- [What to produce]
Write out the entries below exactly, but only from the line containing "2022年,水泥行业在能耗管" through the line containing "섭식하면서 똥을 모아둠", and without the pictures.

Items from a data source
*** Block opens ***
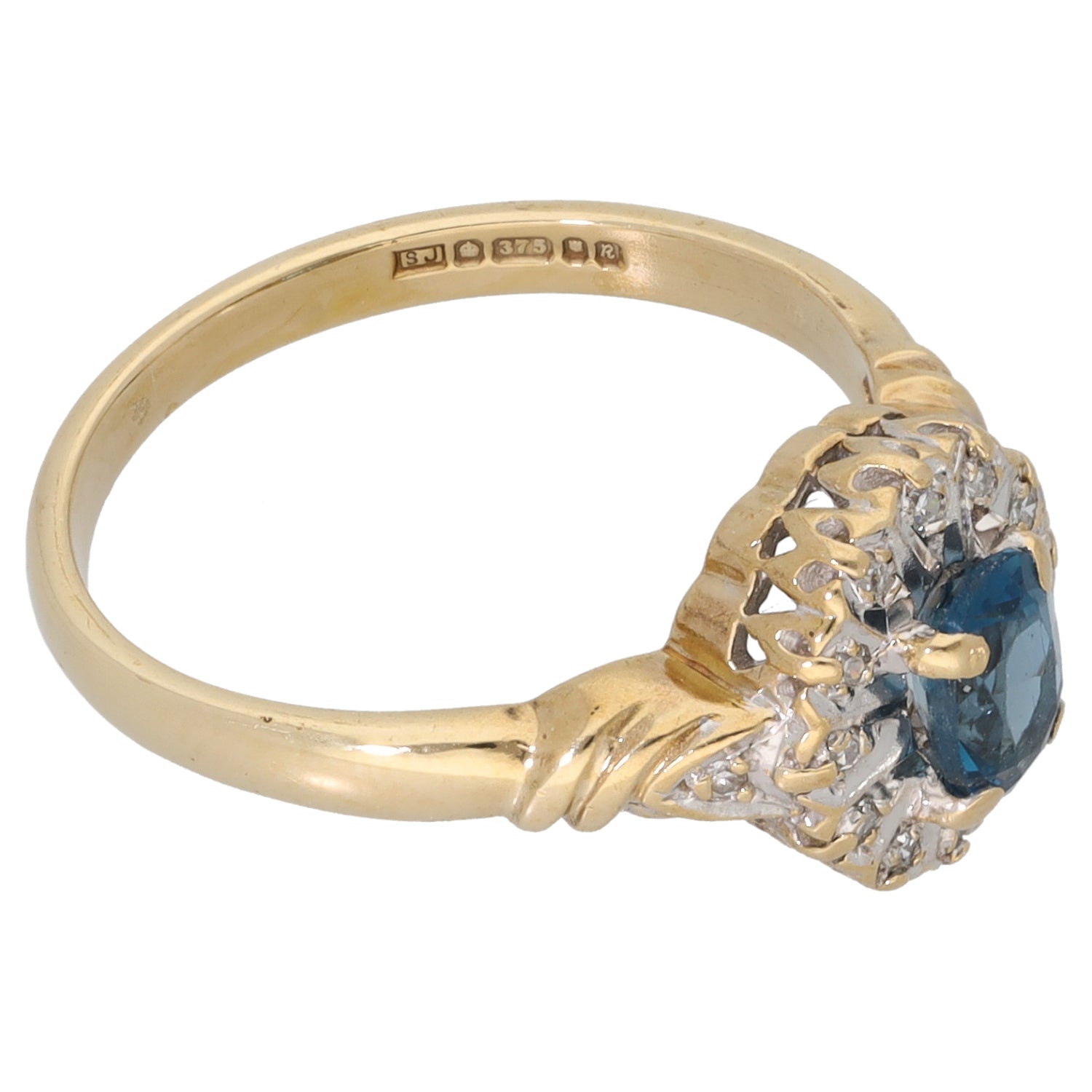 9ct Gold Topaz & 0.07ct Diamond Dress/Cocktail Ring Size M
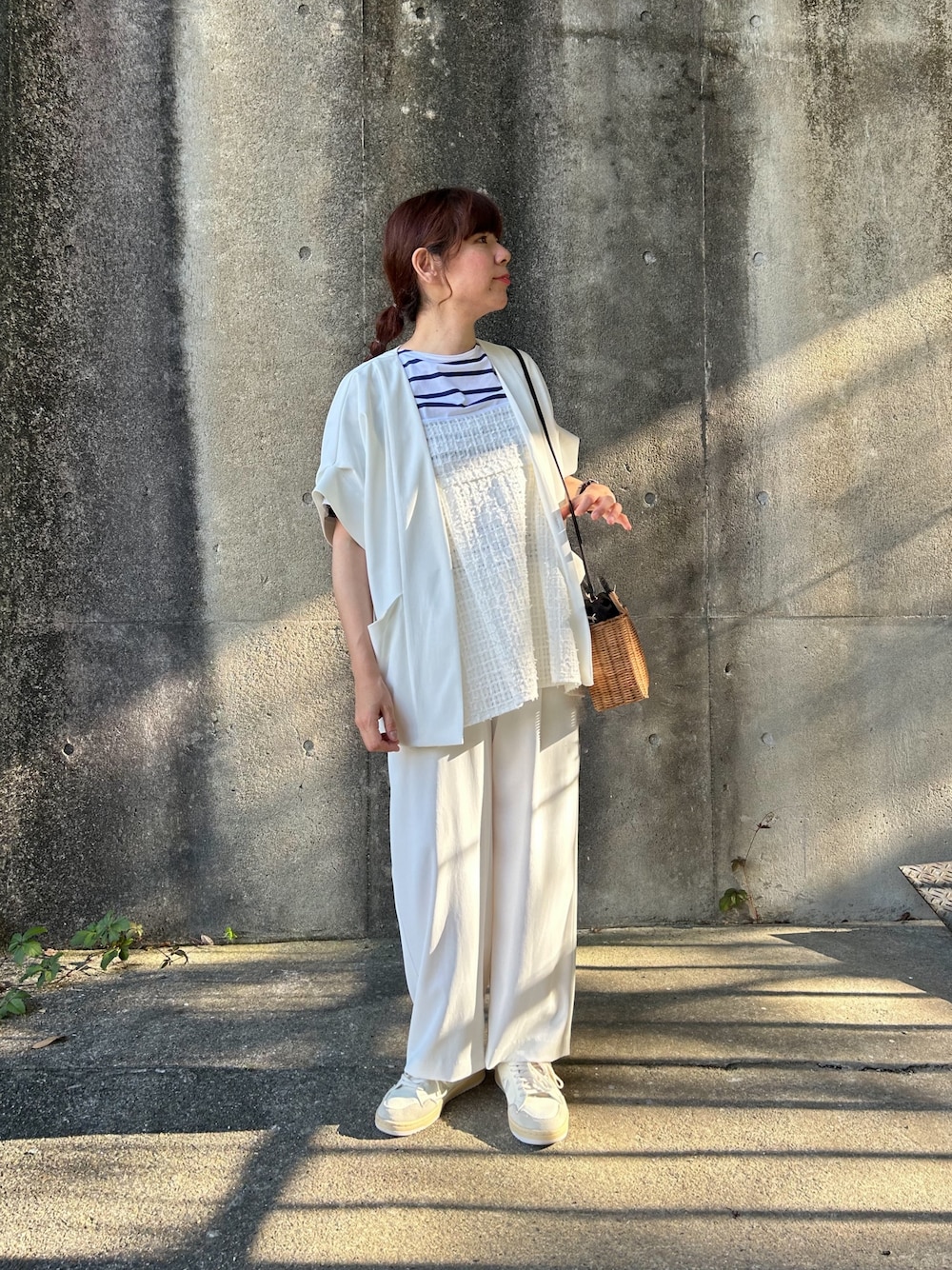 ツイルフレンチジャケットを使った淡色コーデ* コンパクトすぎないサイズ感なので綺麗めになりすぎない分 オンオフ問わず使えそうです◎ また、シワになりにくいので持ち運びもしやすそうです。 ツイルイージータックパンツは透け感もあまりなく、サイズも小さすぎないので楽に履けました*
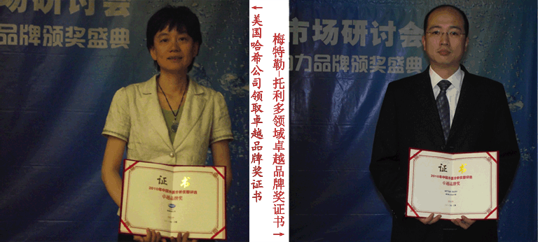 為了促進中國水質分析儀器技術和設備的發展,增加產業動力,充分發揮會議的驅動和鼓勵作用,本次研討會主辦方根據2010年中國在線水質分析儀器市場研究報告、2010年中國水質分析儀器調查報告中的數據以及用戶意見綜合評定設立了“中國水質分析儀器卓越品牌獎”,將2010年度該獎項分別授予美國哈希公司和梅特勒-托利多公司。
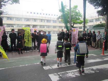 先生たちもにっこりのあいさつ運動となりました。
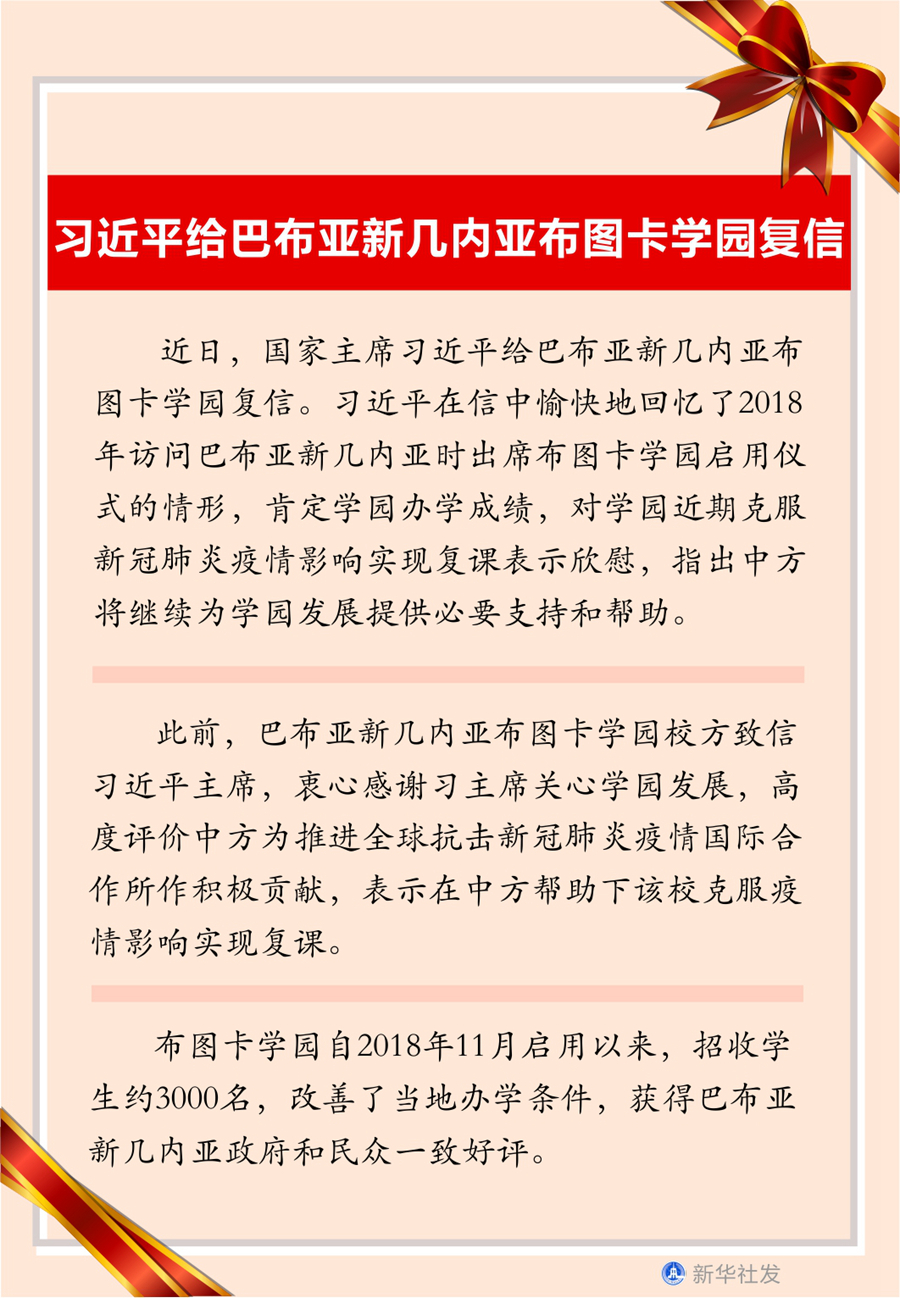 此前,巴布亞新幾內(nèi)亞布圖卡學(xué)園校方致信習(xí)近平主席,衷心感謝習(xí)主席關(guān)心學(xué)園發(fā)展,高度評價(jià)中方為推進(jìn)全球抗擊新冠肺炎疫情國際合作所作積極貢獻(xiàn),表示在中方幫助下該??朔咔橛绊憣?shí)現(xiàn)復(fù)課。
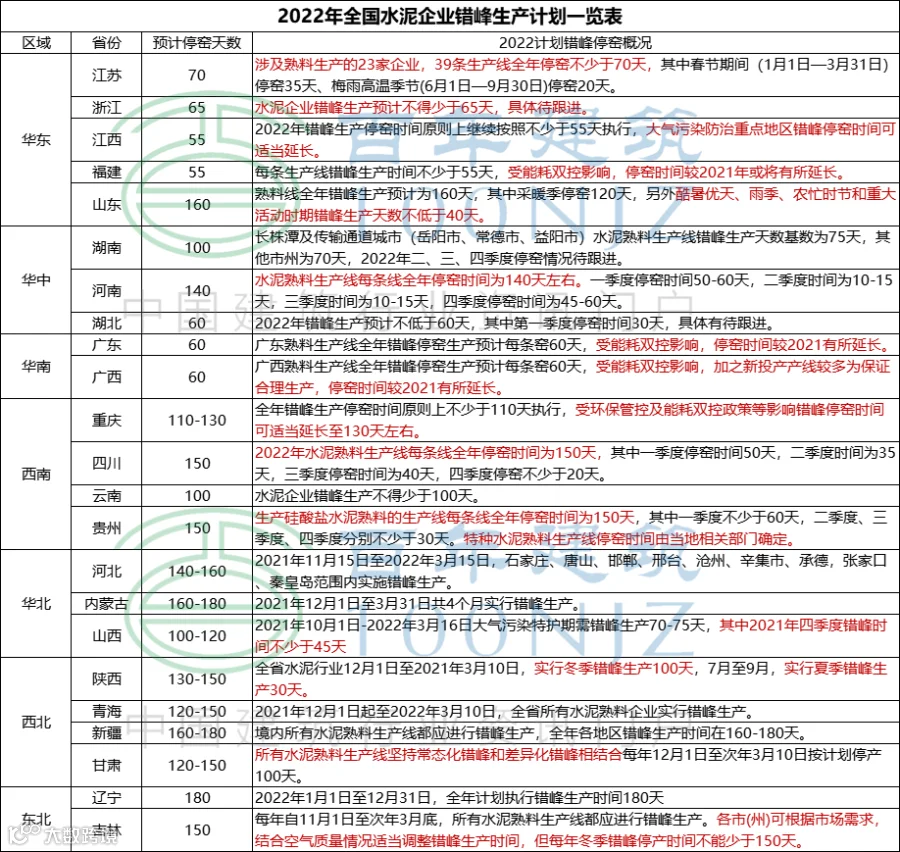 2022年,水泥行业在能耗管控以及”双碳“政策的持续影响下,各地区水泥企业错峰生产时间或将有所延长,部分地区错峰停窑规划已相继出台。其中,华东区域内,江苏发布2022年水泥行业错峰停窑不少于70天方案,停窑天数多集中在春节假期和梅雨高温季节。江西、福建地区或将因大气防污及能耗管控适当延长停窑天数。华南区域内,广东、广西地区受能耗双控影响,加之新增投产产线较多为保证合理生产,或将追加停窑天数。华北、西北、东北区域多地因大气防污及能耗管控严格执行错峰生产,积极推行水泥行业企业错峰生产常态化实施。
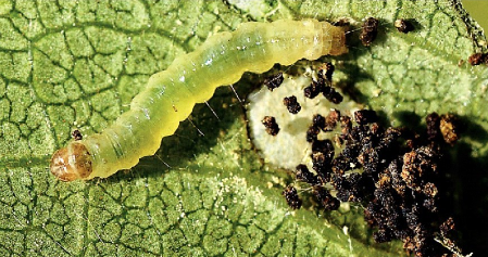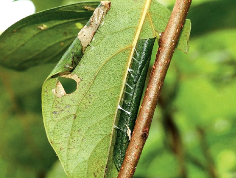 ◦ 유충이 감 잎의 가장자리를 세로로 뒤쪽으로 말고 그 속에서 섭식하면서 똥을 모아둠
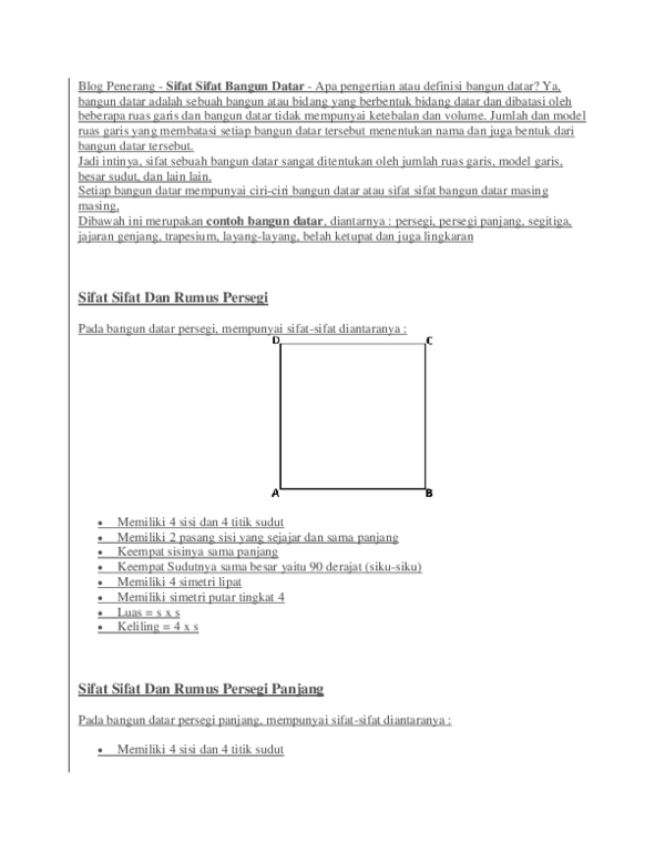 Di samping itu juga membahas mengenai. Persegi yaitu bangun datar yang memiliki 4 sisi (s) berhadapan dan sama panjang. Datar merupakan sebuah bidang datar yang dibatasi oleh garis lurus ataupun garis lengkung. Rumus luas dan keliling bangun datar b angun datar merupakan sebuah bangun berupa bidang datar yang dibatasi oleh beberapa ruas garis, jumlah dan model luas garis yang membatasi bangun tersebut menentukan nama dan bentuk bangun tersebut. Jadi, sifat suatu bangun datar Jumlah dan model ruas garis yang membatasi bangun tersebut menentukan nama dan bentuk bangun datar tersebut. Bangun datar menurut rahaju (2008: Segi banyak juga disebut bangun datar karena bangun datar merupakan sebuah bangun berupa bidang datar yang dibatasi oleh beberapa ruas garis dan di dalam bangun Bangun datar juga merupakan sebuah bangun berupa bidang datar yang dibatasi oleh beberapa ruas garis.
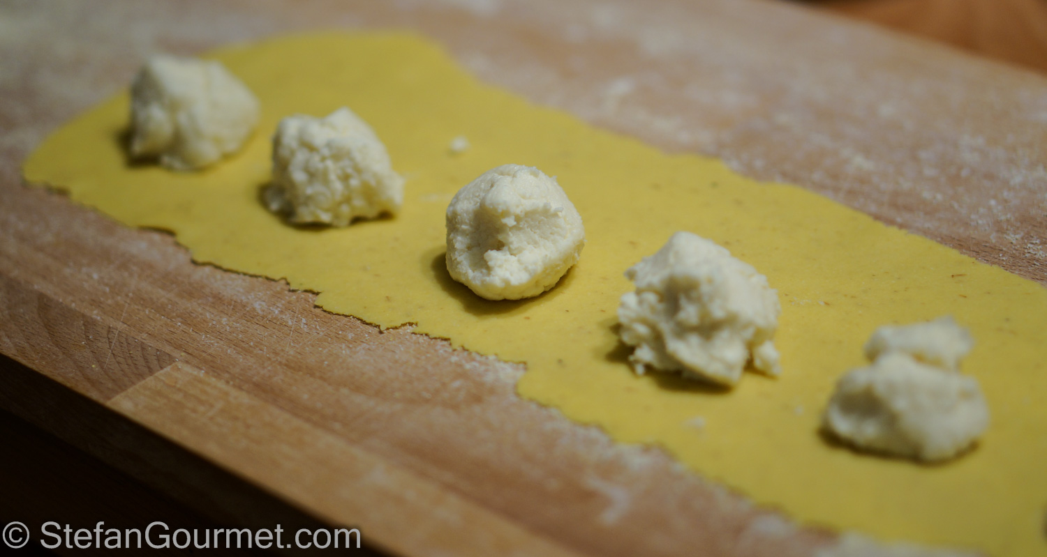Put teaspoon-sized heaps of the stuffing on the sheet of pasta with about 2 cm (.8″) in between, not in the center but on one side of the center.
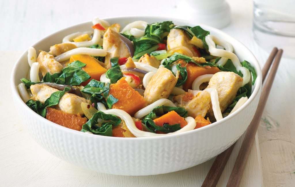 - Ajoutez le poulet et poursuivez la cuisson 3 minutes supplémentaires ou jusqu’à ce qu’il soit doré. Ajoutez le potiron avec le reste d’huile et un peu d’huile en spray si nécessaire, et laissez cuire 4–5 minutes en remuant de temps en temps. Ajoutez le bok choy et laissez cuire encore quelques minutes.
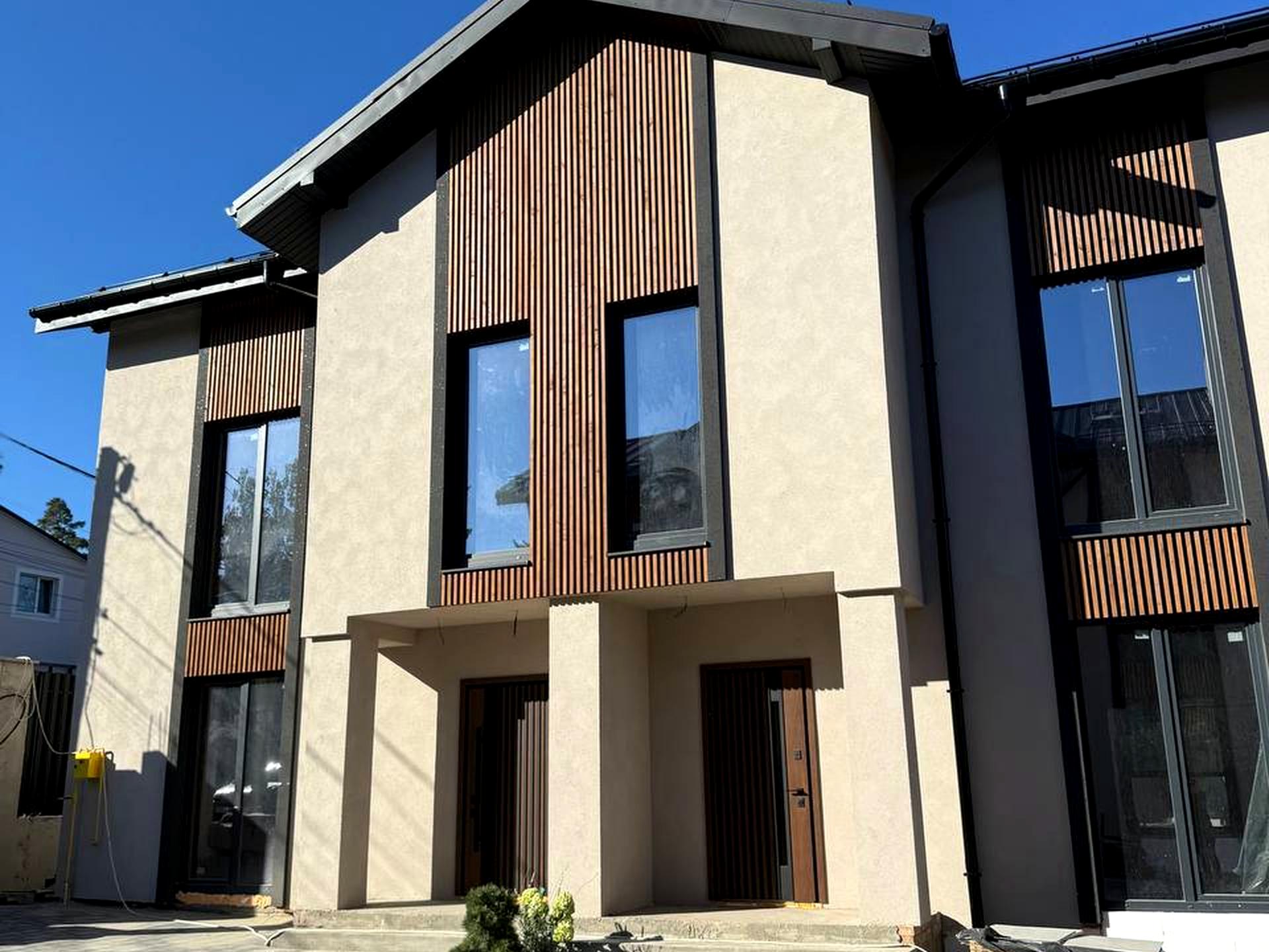 Таунхаус, 2 поверхи, 4 кімнати. Матеріал стін - цегляний, фундамент будинку - блоки. Під'їзд до будинку - асфальт. Площа ділянки 1 сотка. Висота стелі 3 метра. Вид з вікон у двір. Планування кімнат Роздільне. Газ природний. Холодна вода - водопровід, гаряча вода - газовий котел. Опалення котел газовий. У будинку 2 роздільних санвузла, туалет/ванна/душ. Сантехніка нова. Розводки труб немає. Вхідні двері залізні, сходи бетонні. В будинку немає балконів. Тип кухні - кухня-студія. Вікна металопластикові, нові. Покриття даху - металочерепиця. Є огорожа. Немає підвалу. У будинку є Супутникове ТБ, Лічильники. Будинок побудований в 2025 році. Централізована каналізація. У будинка 1 власник. Загальний стан будинку - Без ремонту. Автопарковка. Поруч є школа, дитсадок, зупинки, розважальні заклади, супермаркет, ліс. Прямий продаж, Можливе розтермінування. Сантехніка нова. Інтернет оптоволоконний. Зовнішнє утеплення стін. Працює без світла - вода, газ, опалення, інтернет. Без комісії
*** Block closes ***
- [Solution for this task]
 2022年,水泥行业在能耗管控以及”双碳“政策的持续影响下,各地区水泥企业错峰生产时间或将有所延长,部分地区错峰停窑规划已相继出台。其中,华东区域内,江苏发布2022年水泥行业错峰停窑不少于70天方案,停窑天数多集中在春节假期和梅雨高温季节。江西、福建地区或将因大气防污及能耗管控适当延长停窑天数。华南区域内,广东、广西地区受能耗双控影响,加之新增投产产线较多为保证合理生产,或将追加停窑天数。华北、西北、东北区域多地因大气防污及能耗管控严格执行错峰生产,积极推行水泥行业企业错峰生产常态化实施。
 ◦ 유충이 감 잎의 가장자리를 세로로 뒤쪽으로 말고 그 속에서 섭식하면서 똥을 모아둠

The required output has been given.